Wait until you see VP13
It'll just send the string "Terminator 7", and an entirely predictable 2 hour movie will be played.
Users have watched 25 billion hours of YouTube videos encoded with Google's VP9 codec, which the company says brings the net closer to instant high-quality bufferless video. The Choc Factory's open source VP9 is designed as a replacement for the popular patented H.264 and HEVC codecs and is particularly valuable for mobile …
VP8 probably paid for itself in foregone licence fees for H264 for Google, given how much video they actually encode. VP8 effectively put an end to the plans for charging us all to use H264. Google has also been true to its word in opening the source and indemnifying against patent suits.
Having competing codecs is good for us all in the long run. Google has several reasons for continuing to improve the format: the rise in high resolution content on YouTube preludes high resolution video on demand. Even if most of it is shit, the sheer volume of video that YouTube handles is staggering. Any efficiencies in file size and bitrate will be keenly felt. Google continues to push into our lives and wants to sell us paid for content: quality and perceived network speed will be differentiators on mobile devices. It is also continuing to improve user-generated video whether it's video-conferencing, selfies or gaming videos.
In the H264 version, a lot of the transverse ceiling tile support frames are blurred out of existence, while they are visible in the VP9 version. Also, if you look at the woman in the middle who is split between the images, in the H264 version you can see jagged lines along the edges of her leg, while the edges on the VP9 version are clear. The same is true for straight edges along the walls as well. The "jaggies" are there to some extent in VP9, but they are much smaller and less prominent than in the H264 version.
The VP9 version definitely has a better picture. On the other hand, I'm not sure I would notice any difference if I wasn't actually looking for one.
I suspect the biggest advantage will be in terms of reduced bandwidth needs for VP9. That matters to YouTube who are paying a lot of bandwidth bills, and also to end users who are watching the videos via their mobile phone or capped Internet connections.

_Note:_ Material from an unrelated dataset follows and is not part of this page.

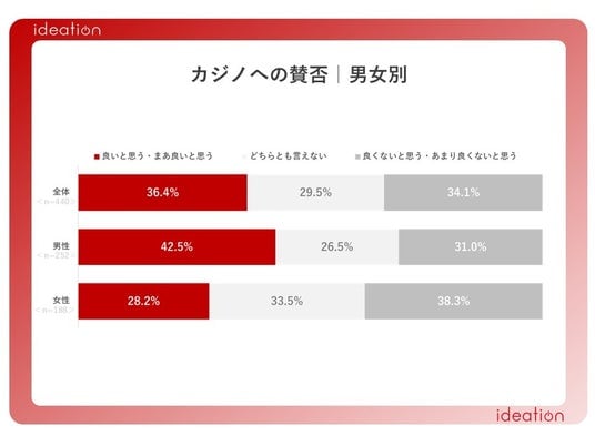 否定的な意見の多かったカジノについて、男女別での傾向を見たところ、男性の42.5%が「良いと思う・まあ良いと思う」と回答したのに対し、女性は28.2%と約15ptの差が生まれており、女性の方がカジノに対してマイナスの印象を持っている傾向が見られました。
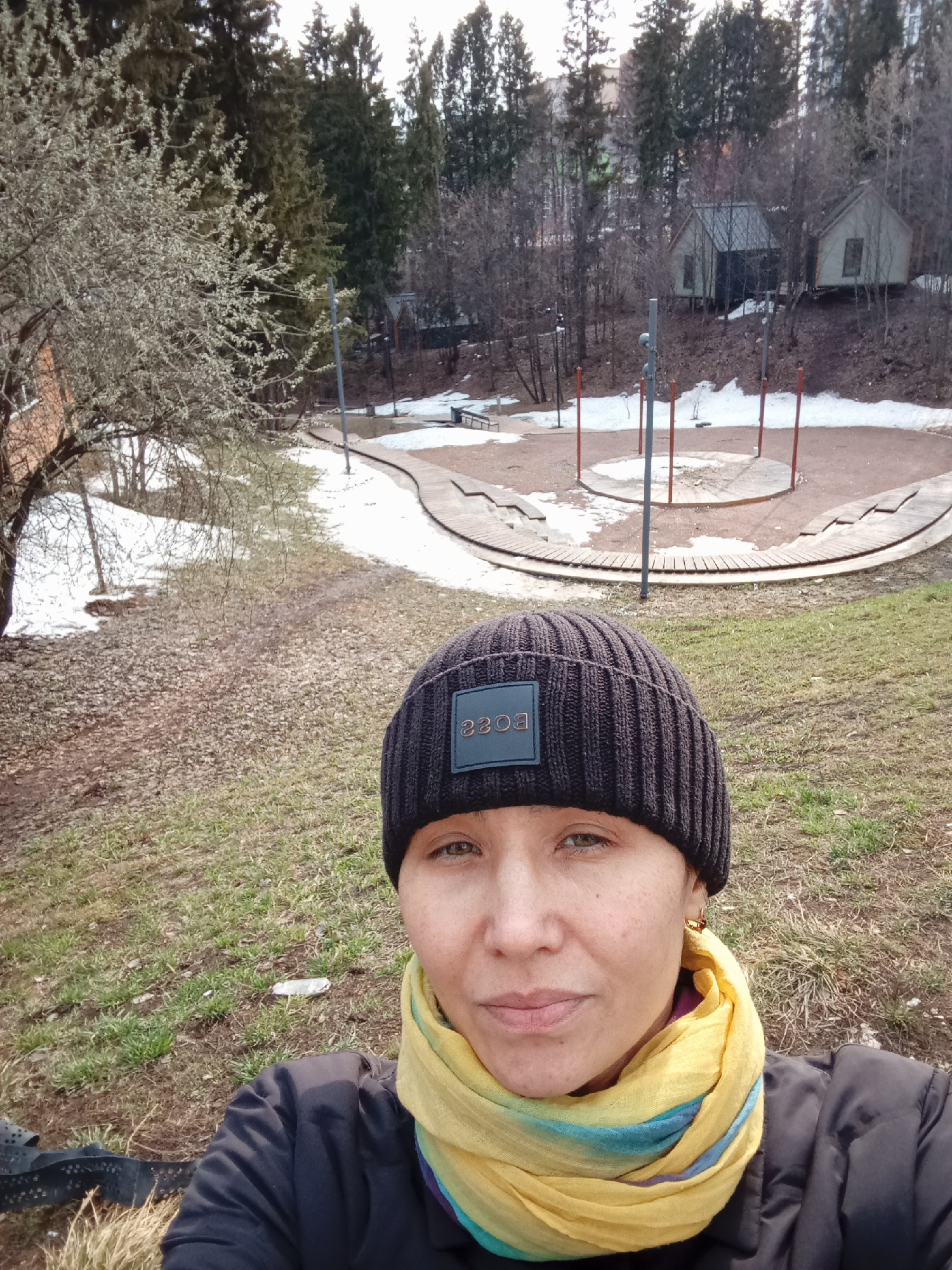 The image is a selfie of a woman wearing a dark-colored beanie with the word "BOSS" on a square patch, a dark jacket, and a yellow scarf with blue accents. She is positioned in the foreground. Behind…read more

Since Google owns the dominant mobile phone OS and a major computer web browser, they can push the VP9 codec out to most of the market. Firefox also supports it, and it's built into a lot of newer televisions. On the source side, YouTube is a very big chunk of total Internet bandwidth. So if Google wants to use it, it's going to get used on a really big scale.
HEVC/h.265 will be built into everything. VP9 will be built into a handful of things. Besides Google, no one is going to use VP9 - unless Google wants to open the door for the competition they'll have to support HEVC for that large majority of devices that will never support VP9.
Yes, there is a licensing cost for HEVC but it is quite reasonable and there's no guarantee that someone doesn't have patents against VP9. Much more likely there are unknown patents against it, in fact, because of how many parties were involved in the development of HEVC versus pretty much only Google developing VP9. If I held a patent against VP9 I'd be sitting on it for a few years letting it gain whatever traction it can before shaking people down. Do it now, and you'll just scare away anyone who might be considering an alternative to HEVC.
Yes, there is a licensing cost for HEVC but it is quite reasonable and there's no guarantee that someone doesn't have patents against VP9.
Google has already indemnified the code and settled with patent holders. There will be no suits against VP9, though there won't really need to be any. H265 is better than VP9 but time to market is key and Google is aligning its codec strategy with the silicon strategy of the phone makers. It's also making hardware support for VP9 and the upcoming VP10 a requirement for some of its licences. With YouTube and its own video-on-demand services, both on mobile devices and increasingly on televisions, it is already one of the bigger players in the market. So, it's naive to bet against them.
Surely you aren't so naive as to think there are no patents out there that VP9 infringes on? I'm sure the same is true for HEVC as well, but indemnification (assuming it isn't without clauses and gotchas) does no good if you get served with an ITC suit that demands an export halt. Google can't indemnify you against that.
It comes down to whether you trust that everyone who wants to belly up at the trough has come out of the woodwork. They probably have for HEVC, since once it was made a standard it was too late to change things to avoid patent infringement. VP9 has so little adoption outside of Google that it pays to for patent holders to wait for wider adoption - because if they strike too soon they might scare off anyone considering its use.